RSPB Loch Lomond

The past holiday weekend was one of the warmest I’ve experienced since living in Scotland, with temperatures reaching 24 degrees celsius locally, and 26 across parts of Argyll. Although I find the warmth divine, I spare a thought for nascent life. Fledgling birds (and indeed their industrious parents) must find these conditions trying, and I despair for our local tadpole population who have seen their reservoirs dwindle to muddy shallows. We can’t do much for the tadpoles, but please consider putting out a shallow dish of water for the thirsty birds. A few pebbles breaking the surface will allow bees and butterflies to drink as well.

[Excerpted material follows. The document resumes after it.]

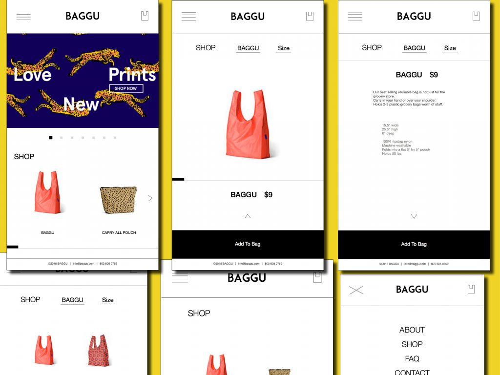I admire the identity of BAGGU: simple, high quality, and versatile across a spectrum of colors. I rebuilt the website to make it more user-friendly and compatible with mobile devices. Simultaneously, I retained certain original market decisions from the original website, believing they may lead to another aspect of identity.

On the warmest day – Monday – I visited RSPB Loch Lomond, one of my favourite local walks nestled at the southern tip of the Loch and often quiet while the more popular parts of the National Park welcome the Bank Holiday ingress.

A fine choice for a wander under searing skies: the path firstly loops idly through meadows that shimmer under waves of heat, before transforming into a woodland walk underneath the cool green shade of birch and oak.

The walk continues Loch-side, before opening up onto a stunning panorama encompassing the width of the Loch and its mountainous flanks. The sustained warm weather had lowered the water levels, and you could see the silted bed of the Loch as far as the eye could see. The shallows were warm but still cooling, and we lingered a while to let Freya enjoy chasing sticks in the water.

On the return walk I enjoyed the alternating shade and slices of sunbeam through the canopy again, kept company by a cuckoo, wrens and warblers. The motions of a plucky caterpillar drew my gaze to some oak leaves that had been wrought into beaded contortions by cherry galls.

The rays of sunshine fell magically onto wildflowers, transmuting them into blue and indigo gems amidst the duff of dried leaves and grasses.

Where is your go-to place to make the most of the warm weather?